Samuel Denapo: These dredging activities, this dredger, it created a lot of problems.
Maggie Andresen: That's Samuel Denapo, a fisherman who's been navigating these waters since boyhood.
Samuel Denapo: Because after we establish this fish trap, the dredger will come and they will put their pipe there, they will start sand-filling everything. Once they do that, they destroy the fish trap. And all the fish that we expected to catch, we won't see them again. So apart from the one that blocks our way — they can destroy our fish trap, the second one they block our way.
Lydia Chain: This is the Undark Podcast. I'm Lydia Chain. Many coastal cities across the globe are struggling to find space to grow with their populations, especially as their coast lines erode and the sea begins to rise. Some cities are responding by making that space, creating more ground to build on by filling in wetlands or making artificial islands. In Lagos, Nigeria, the ecological and societal impacts of projects like this are far reaching — and vulnerable communities struggle to balance the opportunities of development with preservation of their way of life, and sometimes to have their needs considered at all.
Maggie Andresen has the story.
Maggie Andresen: The city of Lagos is made up of a coastal mainland and several low-lying islands connected by bridges. The megacity is home to at least 13 million people and counting — though by some estimates its population is much higher. Security threats in other parts of Nigeria and the regional search for economic opportunity by some estimates bring more than 2,000 new residents every day — and living space is coveted. Take a walk down almost any street and you can find block letters warning against scammers and land grabbers painted on building walls: "This house is not for sale." The city's growing population and limited space has prompted those with financial privilege to invest not just in the claiming of land, but the building of it. [Fade out ambient Lagos traffic/market sounds]. Building land requires a lot of sand, the second most consumed natural resource globally after water. In Lagos, that sand comes from the lagoon floor and the bottom of the Atlantic Ocean. After extraction, sand is used to fill marshy wetland areas, building a solid foundation for new construction.

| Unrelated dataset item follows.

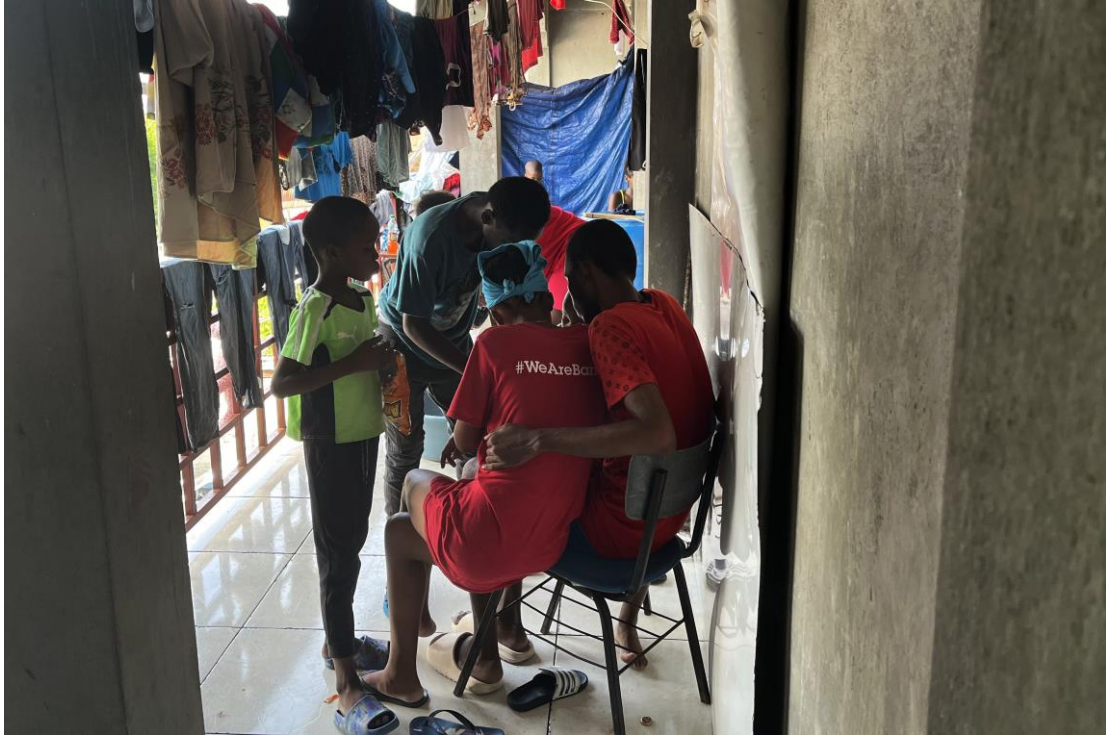
The violence by the gangs has amounted to an attack on childhood itself. It has caused significant distress and trauma and has undermined children's access to education, restricted their movement and deprived them of their ability to play.

More broadly, the UN High Commissioner for Human Rights has recommended that Haitian authorities “relocate immediately all internally displaced persons currently living in squalid conditions in school premises to safe and appropriate facilities, in accordance with international standards”. 426

Alade Adeleke: Sand is needed every day. People who are making money, thousands of dollars from sand ... And the coast is there for them to exploit. So they go to the powerful people in government, they get their licenses, even when the communities make noise they don't worry. Unfortunately, those who are doing dredging are not living where they are dredging. That's what I call remote power.
Maggie Andresen: That's Alade Adeleke, a researcher focusing on the role of ecosystems, biodiversity, and enterprise on sustainable development. He's a past director of the Nigerian Conservation Foundation, an environmental NGO, and currently leads a project commissioned by the Lagos State Government to assess the condition of its coastal wetlands and evaluate current policies governing the ecosystem. That includes measuring the impact of dredging and other human activities on those environments.
Alade Adeleke: The environment has always been exploited by people who don't really value it....The communities are really, they are on the receptive side. Everywhere in the world they are just there, and you bring your problem to them. They don't really create the problems that they have. Dredging is done by rich people. Poor people don't dredge.
Maggie Andresen: Dredging removes sand from the bottom of a body of water, but it doesn't make the water universally deeper. The process stirs up silt and drags sand around, creating new shallow areas and sandbars. Globally it's considered one of the methods with the lowest enforcement of regional and national extraction protocols, according to the United Nations Environment Program. In Lagos, dredging and sand mining require permits and authorization at federal and state levels, but official channels are easily dodged, and illegal extraction tolerated. Although regulations overseeing sand mining for commercial use prevent the interference and obstruction of waterways, that continues to be the lived reality for Ago-Egun Bariga residents. Insufficient or unenforced policy means that people living in communities where dredging takes place don't have much in the way of legal recourse when environmental consequences begin to mount.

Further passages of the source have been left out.